Bratislava - Le Premier ministre slovaque Robert Fico a publié une déclaration confirmant que la Slovaquie avait demandé le report du vote sur le 18e paquet de sanctions de l'Union européenne (UE) à l'encontre de la Russie. Il a également demandé à la Commission européenne (CE) d'accorder une exemption qui permettrait au pays de continuer à importer du gaz russe dans le cadre d'un contrat avec Gazprom jusqu'en 2034.
M. Fico a décrit cette mesure comme nécessaire pour protéger les intérêts économiques et nationaux de la Slovaquie. Cependant, la CE a refusé l'exemption, ce qui a suscité des inquiétudes quant à la sécurité énergétique du pays.
Selon un communiqué publié sur le site de l'Office du gouvernement de la République slovaque, M. Fico a chargé le représentant slovaque de proposer un report du vote sur les nouvelles sanctions lors de la réunion de l'UE. "Si des sanctions sont proposées qui menaceraient les intérêts économiques et nationaux de la République slovaque, nous ne voterons pas en leur faveur". a déclaré le Premier ministre. Il a souligné que le gouvernement avait lié l'approbation du 18e paquet de sanctions à la proposition de la CE de cesser d'importer du gaz russe afin de renforcer la position de négociation du pays. Sans garantie d'approvisionnement en gaz à des prix abordables, il existe un risque de pénurie d'énergie, d'augmentation des frais de transit et de forte hausse des prix pour les ménages et l'industrie.
M. Fico a également publié un document de la présidente de la Commission européenne, Ursula von der Leyen, qui contient six mesures visant à garantir l'approvisionnement en gaz à des prix équitables. Il estime toutefois que ces mesures sont insuffisantes si elles n'incluent pas une exemption pour le contrat de Gazprom. "Le contrat avec Gazprom est valable jusqu'en 2034, et le non-respect de ce contrat pourrait conduire à un arbitrage, ce qui entraînerait des pertes financières considérables". a prévenu le Premier ministre.
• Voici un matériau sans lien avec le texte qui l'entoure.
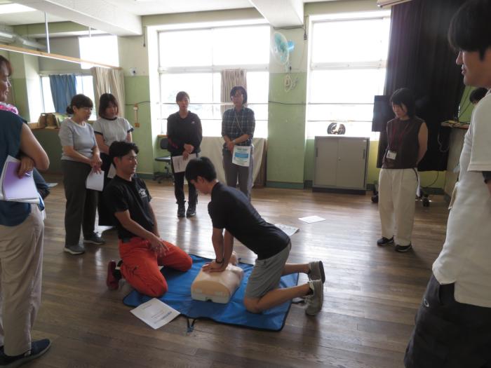 子供たちの命を守るために! 8月28日、2学期がスタートするにあたって、救急救命研修を全職員で実施しました。

La Slovaquie dépend depuis longtemps du gaz russe, qui constitue un élément clé de son bouquet énergétique. Le contrat avec Gazprom garantit un approvisionnement stable à des prix relativement abordables, ce qui est crucial pour l'économie du pays. Selon les experts, le passage à d'autres sources, telles que le GNL en provenance des États-Unis ou du Moyen-Orient, augmenterait considérablement les coûts. En outre, la Slovaquie est un pays de transit important pour le gaz russe destiné à d'autres pays européens, ce qui génère des revenus importants grâce aux redevances de transit.
Depuis l'invasion de l'Ukraine par la Russie en février 2022, l'UE a adopté plusieurs paquets de sanctions contre la Russie afin de limiter ses opportunités économiques et le financement de la guerre. Toutefois, ces sanctions provoquent des tensions dans des pays tels que la Slovaquie et la Hongrie, qui sont dépendants de la Russie sur le plan énergétique. M. Fico a critiqué l'approche de la Commission européenne, affirmant que les sanctions ne devaient pas mettre en péril le niveau de vie des citoyens ou la compétitivité de l'industrie slovaque.
La position de M. Fico n'est pas surprenante étant donné sa politique à long terme, qui met l'accent sur les intérêts nationaux et une approche pragmatique de la politique énergétique. Cependant, l'opposition slovaque critique le premier ministre pour ses actions qui affaiblissent l'unité de l'UE vis-à-vis de la Russie. Au contraire, M. Fico affirme que, sans exception, la Slovaquie serait confrontée à des risques économiques, tandis que d'autres pays de l'UE moins dépendants du gaz russe ne ressentiraient pas aussi fortement l'impact des sanctions.
Selon les analystes, un report du vote pourrait compliquer les négociations au sein de l'UE, car les sanctions requièrent le consentement unanime de tous les États membres. Le lien établi par M. Fico entre les sanctions et la question du gaz suggère une tentative d'utiliser la position de la Slovaquie pour obtenir des conditions plus favorables.